If you had dual channel 1600 it'd be better for starters...1333 is mediocre DDR3 speeds. 1600-1866 is a good sweet spot for gaming and media imho.

The latency (response time) and overall throughput are better with dual channel (try AIDA64 tests as well). You want your largest cache of volatile memory (RAM) to be at its fastest...the faster the response time (the lower the milliseconds), the better. This helps with everything in memory, as everything takes cycles to read, write, transfer, copy, move, clear...so the shorter time in between these turns the smoother the overall experience will be. Will it be noticeable? Should be...considering dual channel has a more than 50% improvement...will it be worth any FPS? Probably not. Gaming isn't just about frames and neither is smooth gameplay.

The faster things get done in ram, the faster you get your game on and the smoother the experience can be. The slowest piece of the puzzle will always be the data disk drive...be it HDD, SSD, SSHD (barring you have any games that still run off of CD/DVD...lol). The slower things are...the longer everything else down the line has to wait.

I would imagine the write performance should have stayed the same or increased...that's a noticeable difference. How many times did you run the test? I recommend no less than 3 and average the results...I also prefer AIDA, though I have a license so I get all the data too.

I would go with the 2nd config judging by what you have provided. Care to share the rest of your system specs with us? Any chance you can match that 1600 stick of ram? Do that in dual channel and come back with results. Should be worth a nice upgrade. I want to say upper teens to lower 20's depending on MCH, chipset, CPU, etc. 

I hope that helps, that's how I've come to understand memory. Everything that runs must be loaded to RAM to be executed (at least from what I've learned), so the faster it is OVERALL, the better. If it comes to speed vs. capacity, well that's a whole different can of worms...I'd go for capacity every time. Fast memory is only helpful when you have enough of it to suit your needs. So running 4GB of 1600 vs 8GB 1333 for a gaming rig, I'd tell you to go 8GB 1333 so you don't run out and have to start caching on the page file (RAM cache and overflow on disk drive). Things will get slow, start hitching, and lessen the overall experience at that rate.

Welcome to TPU.


----------



## Nordic (May 31, 2014)

I would take dual channel over single channel any day. Even just desktop performance feels more responsive with dual channel, and I can't imagine gaming.


----------



## Arjai (Jun 1, 2014)

Here is what I would do. Open up a For Sale thread. Sell the DIMMS you have.
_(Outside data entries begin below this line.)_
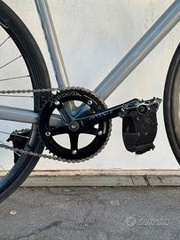 Telaio leggero, geometria pista, perfetta per criterium e per l’uso urbano veloce.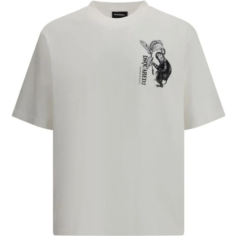 Het Monkey business T-shirt van Dsquared2 is gemaakt van zacht katoenjersey en heeft een losse pasvorm met een ontspannen uitstraling. De schone ronde hals vormt een omlijsting voor de grafische print aan de voorkant, waar een kleine aapillustratie in het bovenste gedeelte links verschijnt, wat een ironische en onderscheidende touch aan het ontwerp toevoegt. Seizoen: Lente/Zomer 26 Pasvorm: Oversized Samenstelling: 100% Katoen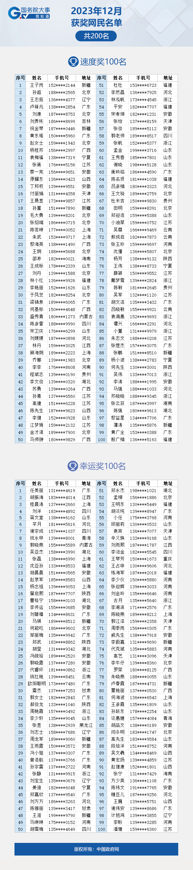 2023年12月“国务院大事我知道”获奖网民名单公布啦!(详见附表)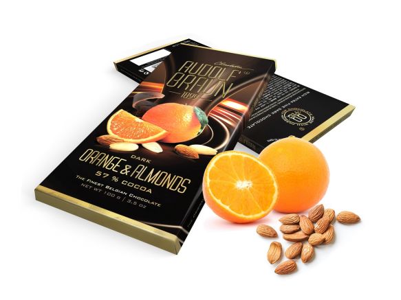 A rich, smooth dark Belgian chocolate with orange and almonds with a 57% cocoa content. Sweet pieces of orange in delicious dark chocolate give off a nice fragrance right after opening.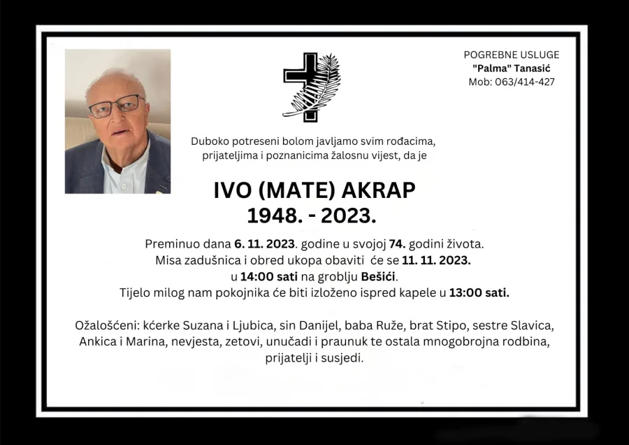 Duboko potreseni bolom javljamo svim rođacima, prijateljima i poznanicima žalosnu vijest, da je IVO (MATE) AKRAP preminuo dana 6. 11. 2023. godine u svojoj 74. godini života.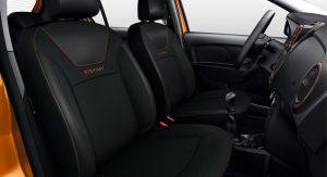 All of them benefit from a more rugged look that is highlighted by the front and rear satin-effect chrome skid plates, protective moldings, Duster-inspired grille, new wheels and a 50 mm (2 in) increased ground clearance. They can be specified in an exclusive body color, called Iceland Grey, whereas the Sandero Stepway can also be had in Ochre Orange.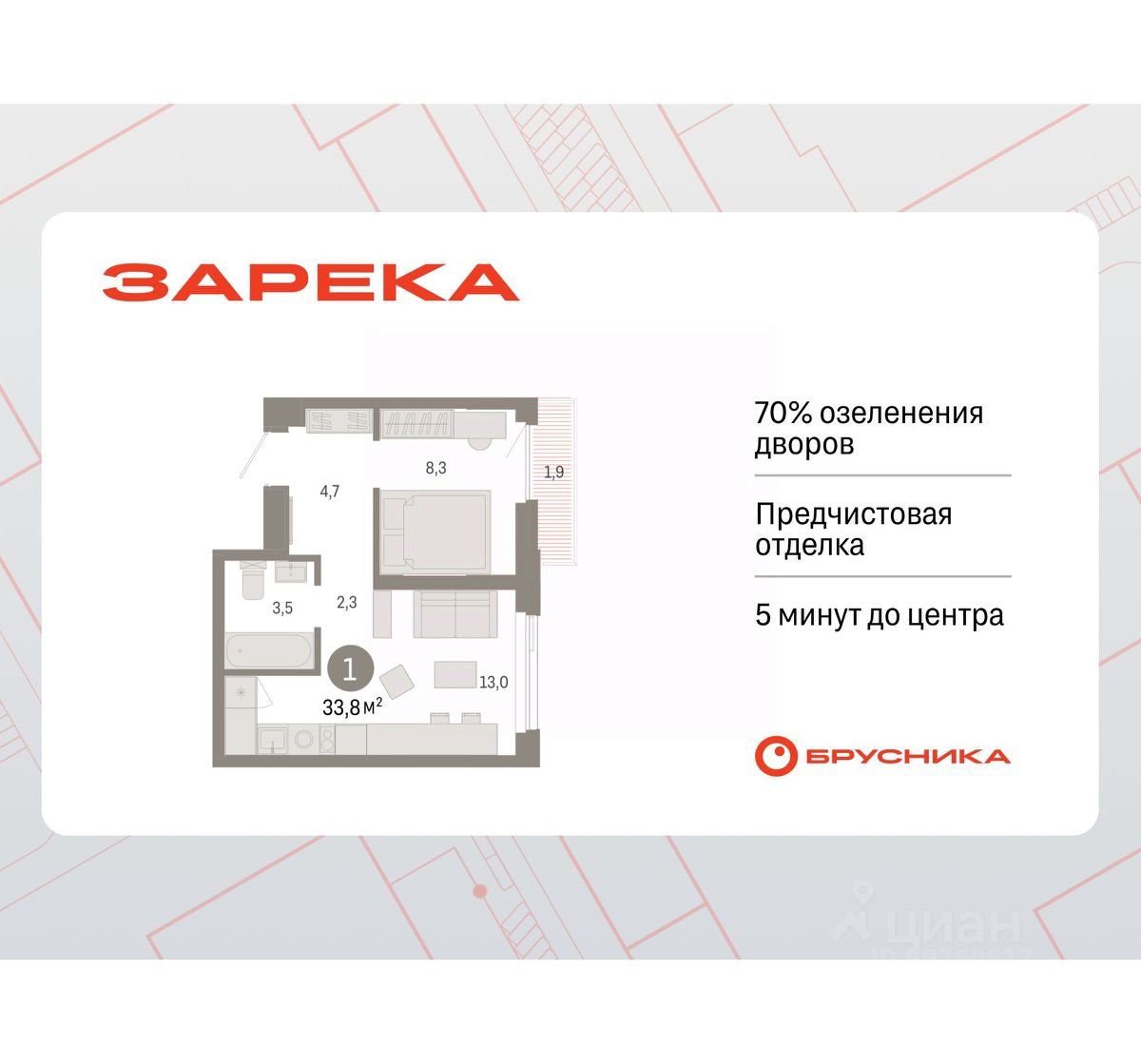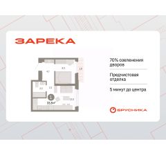 Просторная однокомнатная квартира с предчистовой отделкой в ЖК "Зарека" на 11 этаже. Общая площадь: 33.81 кв.м., жилая: 8.3 кв.м., площадь просторной кухни-гостиной: 13 кв.м. Все окна выходят на одну сторону. В квартире один балкон, один совмещенный санузел. Высота потолков 2.7 м.

Then, buy a matched set of 2x4GB 1600, or even 1866 (there are some competitive pricing on the 1866's), set them in Dual Channel and...Game On!! After you do that, you will only need more if you start Video Editing or CAD designing or you want to build a RAM Disk.

At that point you can get another set of 2x 4GB's, same speed, and then set them up in the other slots for more dual Channel!!
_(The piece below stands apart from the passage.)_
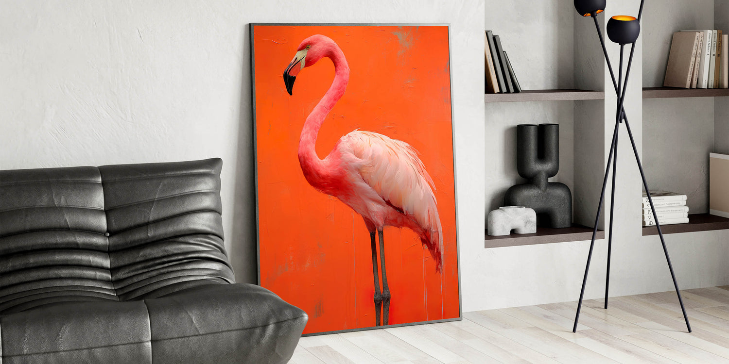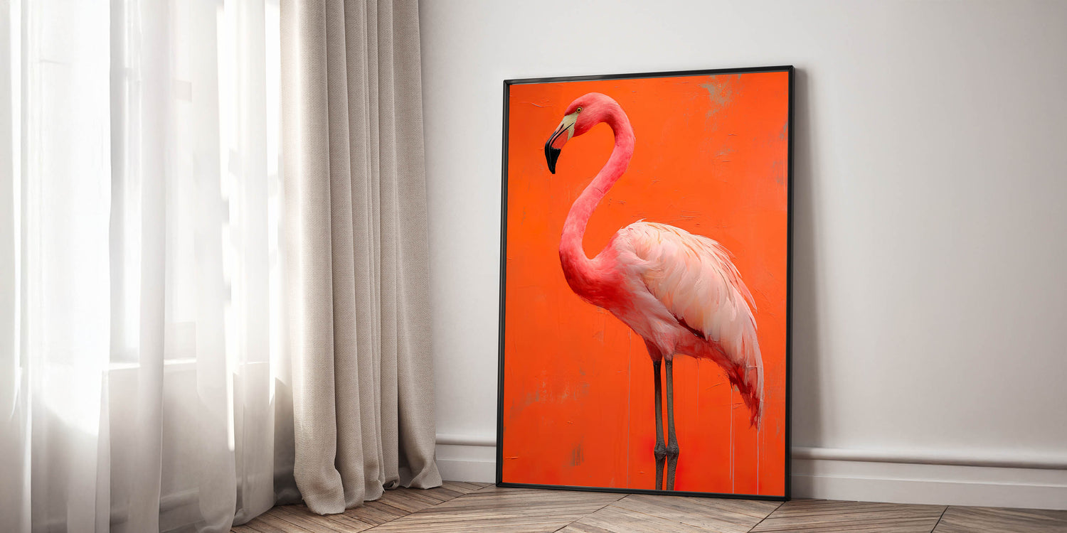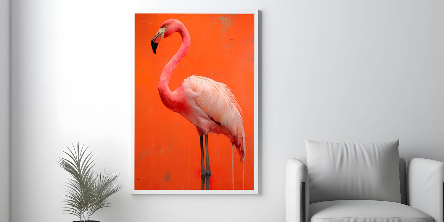 Make a bold statement in your home with this eye-catching Flamingo wall art. Featuring a vibrant flamingo set against a striking orange background, this artwork combines the natural elegance of the bird with a modern, artistic flair. The intense contrast between the pink and orange tones creates a dynamic visual impact, making this piece perfect for those who appreciate bold and contemporary design.

I have an Ultrabook that came with mismatched 4GB and 2GB sticks. I replaced them with a set of 2x4GB Kingston HyperX and have never looked back!! Vast improvement, across the board! 

Good Luck!!

And Welcome!!

And Please fill in your System Specs, from your Profile page. It greatly helps us all answer any questions you have, regarding performance or other questions.


----------



## alivehunter (Jun 1, 2014)

Kursah said:


> If you had dual channel 1600 it'd be better for starters...1333 is mediocre DDR3 speeds. 1600-1866 is a good sweet spot for gaming and media imho.
> 
> The latency (response time) and overall throughput are better with dual channel (try AIDA64 tests as well). You want your largest cache of volatile memory (RAM) to be at its fastest...the faster the response time (the lower the milliseconds), the better. This helps with everything in memory, as everything takes cycles to read, write, transfer, copy, move, clear...so the shorter time in between these turns the smoother the overall experience will be. Will it be noticeable? Should be...considering dual channel has a more than 50% improvement...will it be worth any FPS? Probably not. Gaming isn't just about frames and neither is smooth gameplay.
> 
> ...


 Thanks for ur details reply...
System Specs updated in Profile.

As us suggested ... Config 2 is better than the Config 1..... So will be keeping the Config 2 as of now...
as i am not planing to Purchase / Sell the Ram....

thanks Again


----------



## johnspack (Jun 1, 2014)

Typically,  on Asus boards,  the blue ram slots are master.  You want to populate those first.  The black slots are slaves if you have 4 modules.  It probably doesn't matter,  but you may get higher performance in the blue slots.
Correct me if I'm wrong anyone?


----------



## Frick (Jun 1, 2014)

james888 said:


> I would take dual channel over single channel any day. Even just desktop performance feels more responsive with dual channel, and I can't imagine gaming.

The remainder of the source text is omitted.